* WORK REQUEST *
Look below for the lines from the one with "GJ.423/426 + 428/429" to the one with "鉢も緩やかなカーブのかかった", and copy exactly those lines, both ends included.

* DATASET CONTENT *
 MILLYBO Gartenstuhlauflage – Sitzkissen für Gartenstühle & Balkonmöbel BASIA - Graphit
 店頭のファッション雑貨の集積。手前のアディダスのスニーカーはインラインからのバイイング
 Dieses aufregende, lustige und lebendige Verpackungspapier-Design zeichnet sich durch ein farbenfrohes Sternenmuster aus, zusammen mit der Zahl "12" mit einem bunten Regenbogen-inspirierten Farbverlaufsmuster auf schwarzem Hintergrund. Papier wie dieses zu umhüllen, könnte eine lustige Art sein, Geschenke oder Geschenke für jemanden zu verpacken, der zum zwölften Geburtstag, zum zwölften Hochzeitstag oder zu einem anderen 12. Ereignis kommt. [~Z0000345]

--

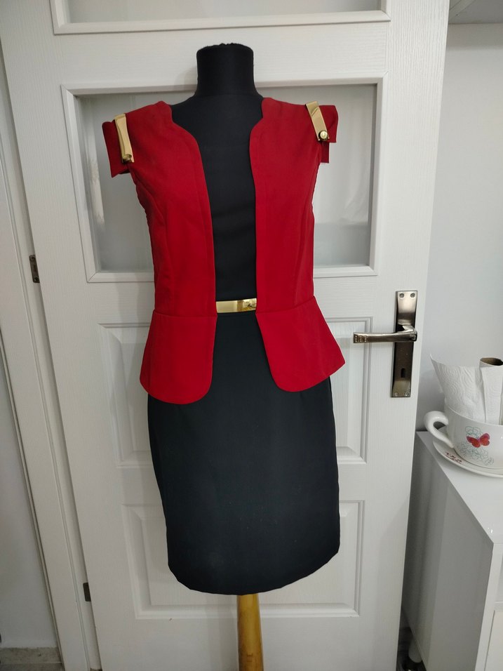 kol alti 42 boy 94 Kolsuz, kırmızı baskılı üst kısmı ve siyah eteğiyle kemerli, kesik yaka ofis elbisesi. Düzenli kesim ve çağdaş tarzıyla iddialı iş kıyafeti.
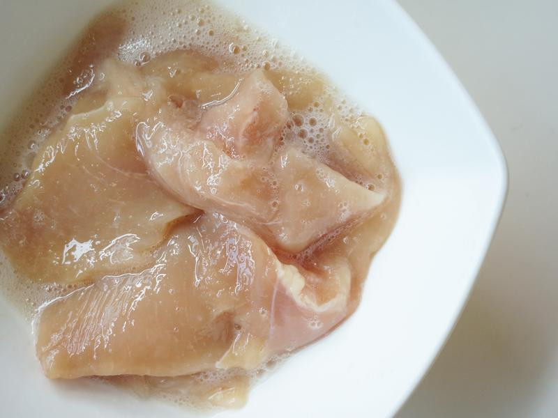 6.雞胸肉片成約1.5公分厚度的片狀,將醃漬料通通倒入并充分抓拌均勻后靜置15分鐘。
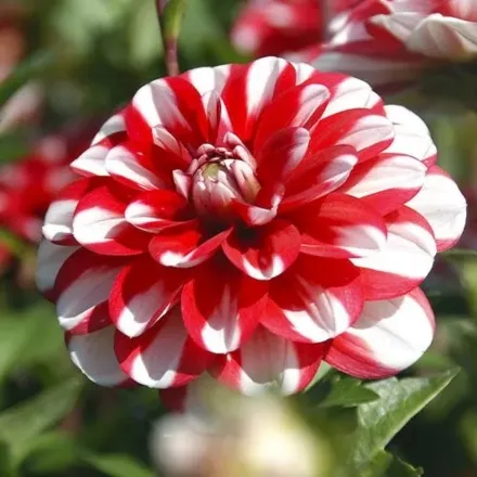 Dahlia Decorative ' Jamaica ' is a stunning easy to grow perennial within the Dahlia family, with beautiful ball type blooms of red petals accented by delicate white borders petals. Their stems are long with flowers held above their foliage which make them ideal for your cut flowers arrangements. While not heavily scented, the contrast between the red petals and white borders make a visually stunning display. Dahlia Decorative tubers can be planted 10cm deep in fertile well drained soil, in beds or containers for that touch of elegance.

...

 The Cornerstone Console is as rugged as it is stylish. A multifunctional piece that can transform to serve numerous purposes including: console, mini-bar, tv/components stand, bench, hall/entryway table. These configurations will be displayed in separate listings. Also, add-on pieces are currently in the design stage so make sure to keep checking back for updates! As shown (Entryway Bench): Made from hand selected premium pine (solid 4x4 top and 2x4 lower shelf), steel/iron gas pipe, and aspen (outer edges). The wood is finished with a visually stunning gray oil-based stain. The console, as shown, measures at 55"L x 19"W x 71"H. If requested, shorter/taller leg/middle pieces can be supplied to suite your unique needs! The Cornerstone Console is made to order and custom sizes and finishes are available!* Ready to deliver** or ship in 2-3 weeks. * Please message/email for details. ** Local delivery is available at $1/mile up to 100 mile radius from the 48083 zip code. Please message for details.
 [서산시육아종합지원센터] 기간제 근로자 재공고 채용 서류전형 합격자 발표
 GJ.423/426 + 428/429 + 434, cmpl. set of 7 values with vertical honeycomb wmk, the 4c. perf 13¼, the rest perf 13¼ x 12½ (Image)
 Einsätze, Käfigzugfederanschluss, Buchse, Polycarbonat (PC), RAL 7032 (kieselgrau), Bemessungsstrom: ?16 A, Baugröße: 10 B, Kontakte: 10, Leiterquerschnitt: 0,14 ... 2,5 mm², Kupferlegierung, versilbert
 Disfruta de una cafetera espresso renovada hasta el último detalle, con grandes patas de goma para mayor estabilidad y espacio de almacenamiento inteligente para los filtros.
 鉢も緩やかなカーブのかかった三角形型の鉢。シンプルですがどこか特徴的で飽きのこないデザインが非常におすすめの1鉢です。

* EXPECTED OUTPUT *
 GJ.423/426 + 428/429 + 434, cmpl. set of 7 values with vertical honeycomb wmk, the 4c. perf 13¼, the rest perf 13¼ x 12½ (Image)
 Einsätze, Käfigzugfederanschluss, Buchse, Polycarbonat (PC), RAL 7032 (kieselgrau), Bemessungsstrom: ?16 A, Baugröße: 10 B, Kontakte: 10, Leiterquerschnitt: 0,14 ... 2,5 mm², Kupferlegierung, versilbert
 Disfruta de una cafetera espresso renovada hasta el último detalle, con grandes patas de goma para mayor estabilidad y espacio de almacenamiento inteligente para los filtros.
 鉢も緩やかなカーブのかかった三角形型の鉢。シンプルですがどこか特徴的で飽きのこないデザインが非常におすすめの1鉢です。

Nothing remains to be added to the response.